## Data for review:

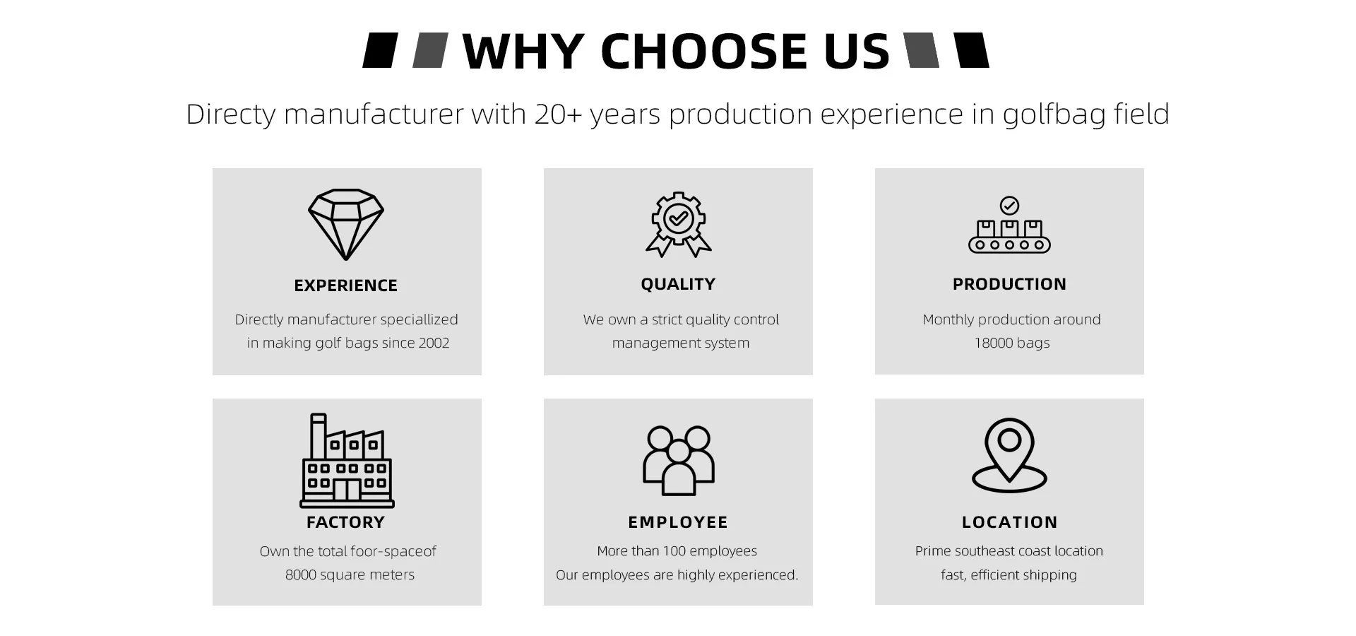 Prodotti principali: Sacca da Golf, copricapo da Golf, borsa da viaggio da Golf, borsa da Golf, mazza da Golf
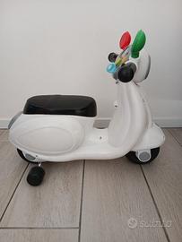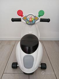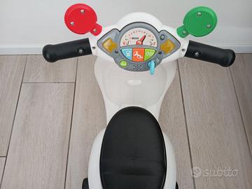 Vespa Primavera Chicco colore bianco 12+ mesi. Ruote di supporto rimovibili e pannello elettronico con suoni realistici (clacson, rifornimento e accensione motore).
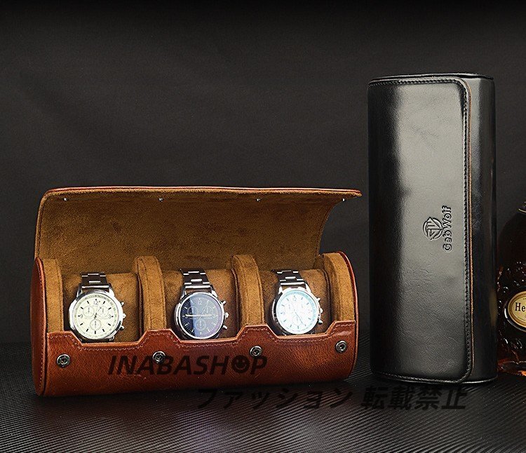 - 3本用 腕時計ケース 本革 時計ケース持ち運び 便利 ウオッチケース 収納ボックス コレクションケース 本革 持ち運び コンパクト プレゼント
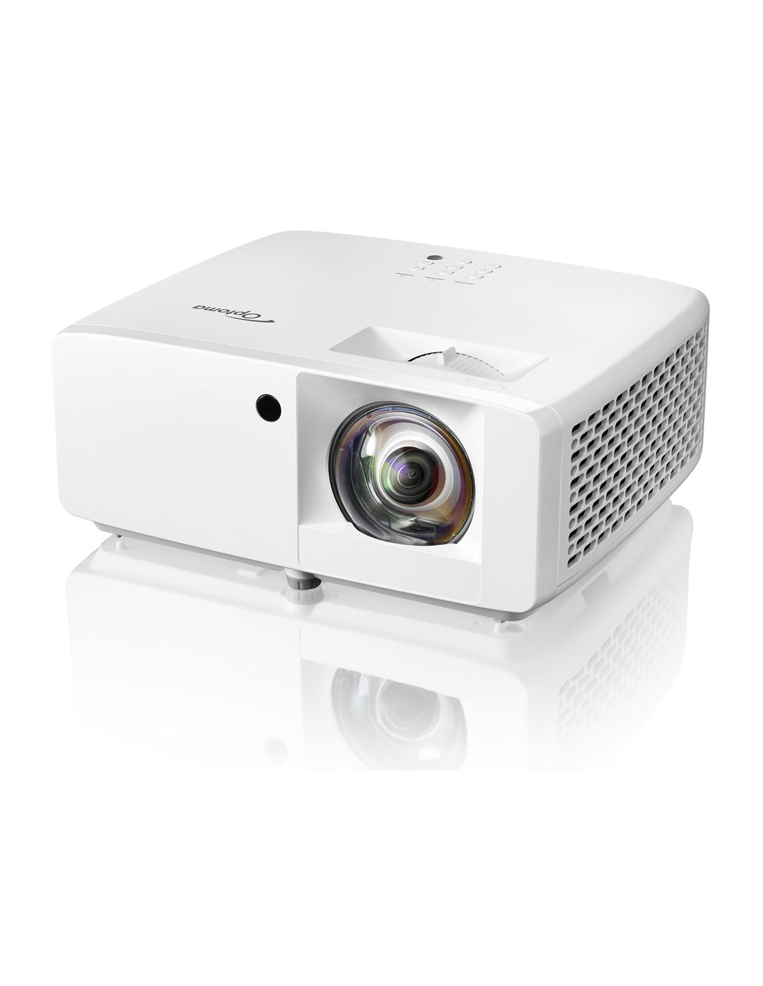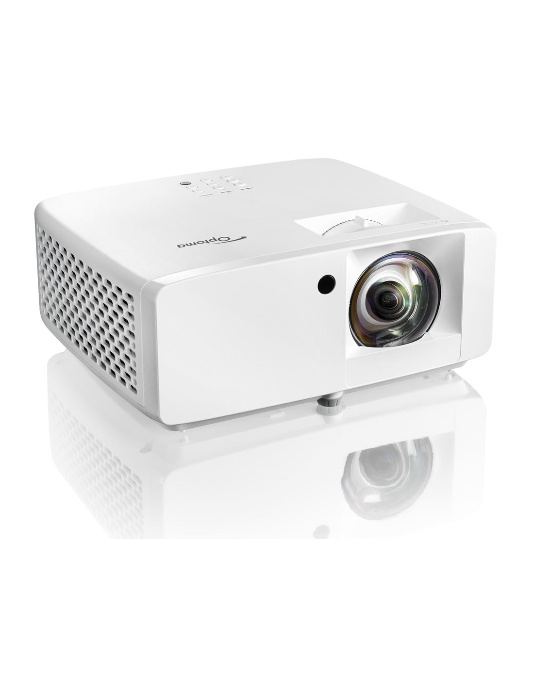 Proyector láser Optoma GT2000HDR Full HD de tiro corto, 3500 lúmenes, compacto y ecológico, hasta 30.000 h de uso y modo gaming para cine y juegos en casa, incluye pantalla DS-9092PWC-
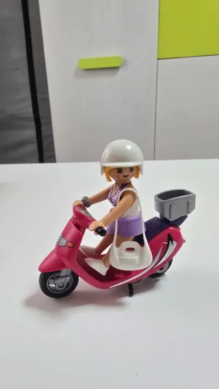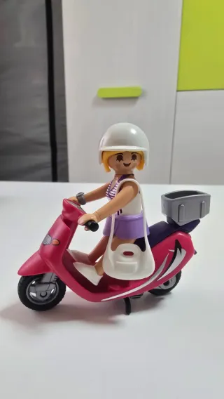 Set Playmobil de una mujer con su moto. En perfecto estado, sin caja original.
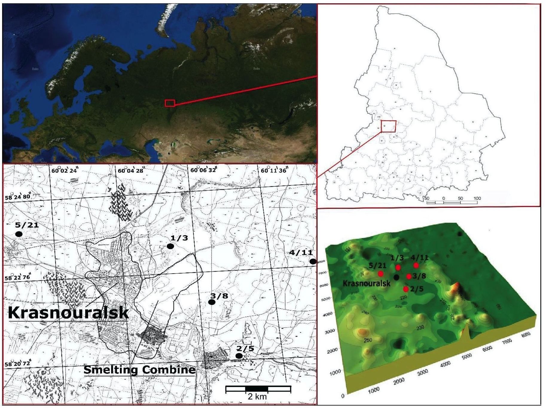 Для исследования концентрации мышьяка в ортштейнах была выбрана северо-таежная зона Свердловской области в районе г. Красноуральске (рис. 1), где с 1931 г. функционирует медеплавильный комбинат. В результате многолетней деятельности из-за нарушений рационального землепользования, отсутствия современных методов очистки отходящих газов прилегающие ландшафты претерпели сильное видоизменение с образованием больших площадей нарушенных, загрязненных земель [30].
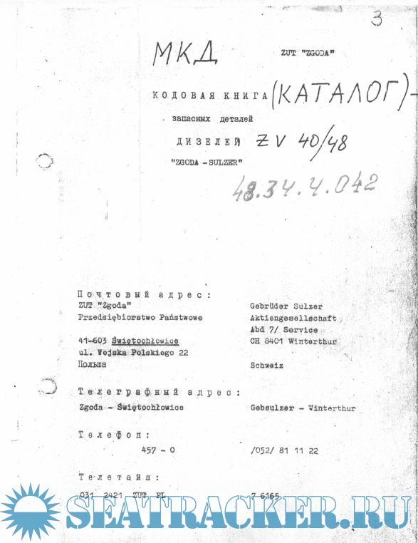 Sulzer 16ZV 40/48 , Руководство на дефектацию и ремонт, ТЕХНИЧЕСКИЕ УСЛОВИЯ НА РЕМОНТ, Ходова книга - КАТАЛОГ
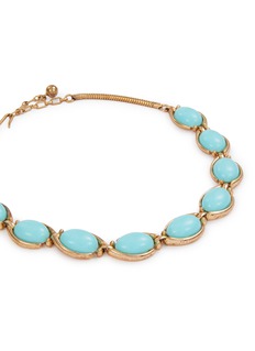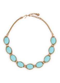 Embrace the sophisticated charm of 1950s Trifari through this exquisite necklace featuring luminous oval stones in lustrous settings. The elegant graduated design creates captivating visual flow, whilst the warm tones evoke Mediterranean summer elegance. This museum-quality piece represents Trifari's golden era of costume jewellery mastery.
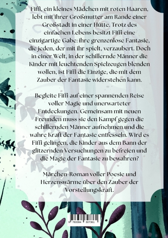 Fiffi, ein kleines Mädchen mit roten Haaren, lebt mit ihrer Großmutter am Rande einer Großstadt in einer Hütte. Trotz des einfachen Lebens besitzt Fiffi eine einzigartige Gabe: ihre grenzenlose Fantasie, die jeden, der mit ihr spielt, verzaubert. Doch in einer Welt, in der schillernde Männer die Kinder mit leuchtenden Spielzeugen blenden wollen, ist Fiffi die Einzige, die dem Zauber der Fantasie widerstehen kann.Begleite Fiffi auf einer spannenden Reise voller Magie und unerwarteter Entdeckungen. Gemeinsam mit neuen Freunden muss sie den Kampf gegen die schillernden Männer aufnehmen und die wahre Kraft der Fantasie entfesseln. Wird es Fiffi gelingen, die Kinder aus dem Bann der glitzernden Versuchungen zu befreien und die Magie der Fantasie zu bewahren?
--
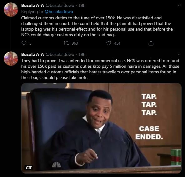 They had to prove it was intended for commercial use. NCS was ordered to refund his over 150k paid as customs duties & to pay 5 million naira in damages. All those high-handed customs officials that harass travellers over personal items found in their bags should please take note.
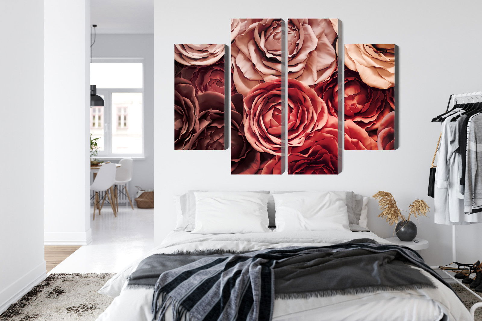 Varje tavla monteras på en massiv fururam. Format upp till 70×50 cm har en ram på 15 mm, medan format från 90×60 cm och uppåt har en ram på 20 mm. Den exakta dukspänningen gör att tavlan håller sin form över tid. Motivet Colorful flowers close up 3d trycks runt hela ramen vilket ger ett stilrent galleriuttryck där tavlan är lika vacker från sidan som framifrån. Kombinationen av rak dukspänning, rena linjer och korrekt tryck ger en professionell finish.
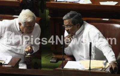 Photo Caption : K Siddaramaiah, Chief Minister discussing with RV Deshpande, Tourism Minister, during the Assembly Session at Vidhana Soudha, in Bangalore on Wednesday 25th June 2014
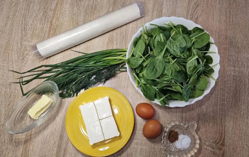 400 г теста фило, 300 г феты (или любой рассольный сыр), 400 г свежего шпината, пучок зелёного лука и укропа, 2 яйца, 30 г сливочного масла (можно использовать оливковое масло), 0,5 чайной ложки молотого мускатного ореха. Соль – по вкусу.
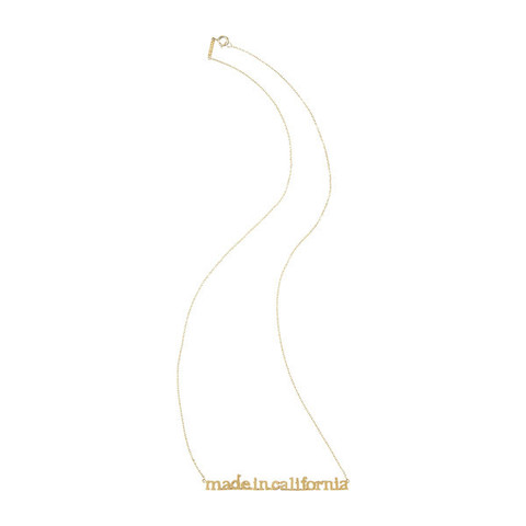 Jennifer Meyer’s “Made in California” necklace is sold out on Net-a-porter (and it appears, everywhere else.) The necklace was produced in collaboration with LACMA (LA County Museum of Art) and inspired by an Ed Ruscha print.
...
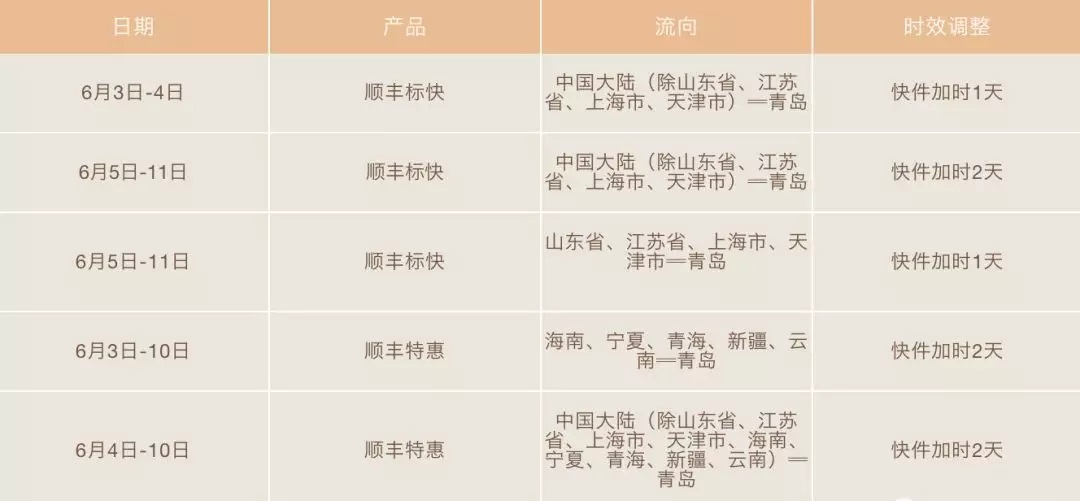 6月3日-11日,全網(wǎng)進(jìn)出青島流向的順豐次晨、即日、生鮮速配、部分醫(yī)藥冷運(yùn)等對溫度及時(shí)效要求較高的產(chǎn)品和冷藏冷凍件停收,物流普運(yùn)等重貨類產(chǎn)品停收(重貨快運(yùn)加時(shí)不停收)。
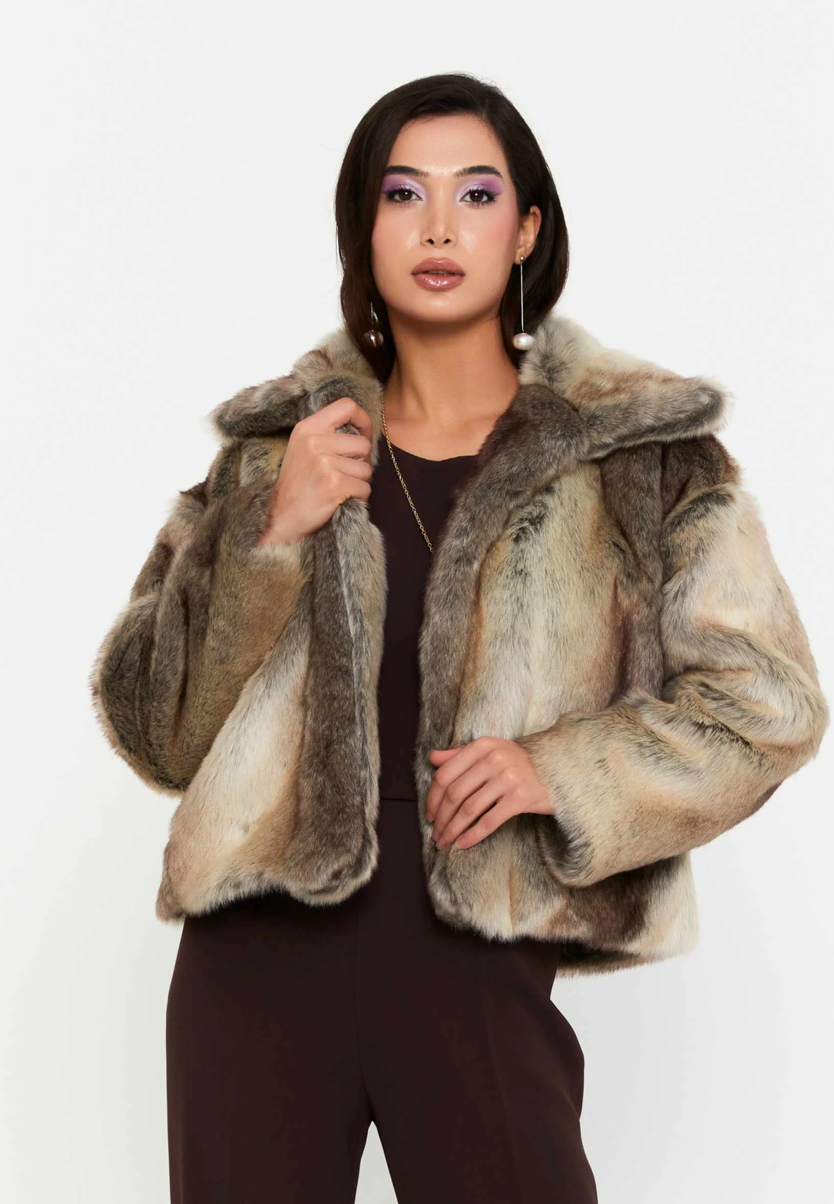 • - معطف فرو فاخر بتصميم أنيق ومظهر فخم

## What is required:
Your reply should hold nothing but the lines above, from the one containing "They had to" to the one containing "Ed Ruscha print.", reproduced exactly minus the pictures.

## Written reply:
 They had to prove it was intended for commercial use. NCS was ordered to refund his over 150k paid as customs duties & to pay 5 million naira in damages. All those high-handed customs officials that harass travellers over personal items found in their bags should please take note.
 Varje tavla monteras på en massiv fururam. Format upp till 70×50 cm har en ram på 15 mm, medan format från 90×60 cm och uppåt har en ram på 20 mm. Den exakta dukspänningen gör att tavlan håller sin form över tid. Motivet Colorful flowers close up 3d trycks runt hela ramen vilket ger ett stilrent galleriuttryck där tavlan är lika vacker från sidan som framifrån. Kombinationen av rak dukspänning, rena linjer och korrekt tryck ger en professionell finish.
 Photo Caption : K Siddaramaiah, Chief Minister discussing with RV Deshpande, Tourism Minister, during the Assembly Session at Vidhana Soudha, in Bangalore on Wednesday 25th June 2014
 400 г теста фило, 300 г феты (или любой рассольный сыр), 400 г свежего шпината, пучок зелёного лука и укропа, 2 яйца, 30 г сливочного масла (можно использовать оливковое масло), 0,5 чайной ложки молотого мускатного ореха. Соль – по вкусу.
 Jennifer Meyer’s “Made in California” necklace is sold out on Net-a-porter (and it appears, everywhere else.) The necklace was produced in collaboration with LACMA (LA County Museum of Art) and inspired by an Ed Ruscha print.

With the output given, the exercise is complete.